The researchers measured the participants’ glycated haemoglobin (HbA1c) levels, which reflects their blood glucose state over several months. Reversing type 2 diabetes, also known as remission, is generally defined as HbA1c being less than 6.5 per cent when measured at least three months after stopping treatments. The researchers were looking for these levels to occur in two consecutive tests carried out six months apart.

The team only measured the participants’ weight one year after they were diagnosed, by which time 2 per cent had gone into remission and half had gained weight, says Wu.

By the end of the study, 6 per cent had gone into remission at some point, says Wu. Of these people, around two-thirds required diabetes drugs to control their condition again within three years.

But by only recording the participants’ weight one year after they were diagnosed, the researchers don’t know whether they went on to gain weight or if other factors may have resulted in some of them coming out of remission, such as gaining weight specifically around their waist or accumulating fat in certain internal organs.

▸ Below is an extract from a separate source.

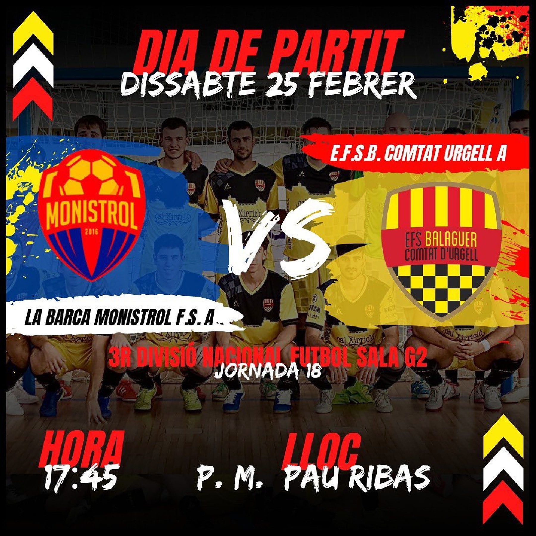 El primer equip del Comtat d'Urgell de Futbol Sala afronta dissabte una visita complicada a la pista del Monistrol. A Primera Catalana el Comtat B rep al Bellaguarda i el Balaguer Vedruna visita al Vila-sana

In contrast, one small clinical trial found that up to 86 per cent of people with type 2 diabetes who lost at least 15 kilogrammes went into remission within a year. People in studies like these often benefit from professional dietary management, physical exercise programmes, moral support, regular monitoring, feedback, reminders and encouragement, says Wu.

But even people who take part in the control arm of some clinical trials, who may not be put on intensive weight loss programmes, have better remission rates than those seen in Wu’s team’s study.

That may be because, outside of clinical trials, doctors are often more hesitant to recommend that people with type 2 diabetes stop their treatments, he says. It is also probably related to differences in how remission is defined, as trials often require only one healthy HbA1c reading, says Wu.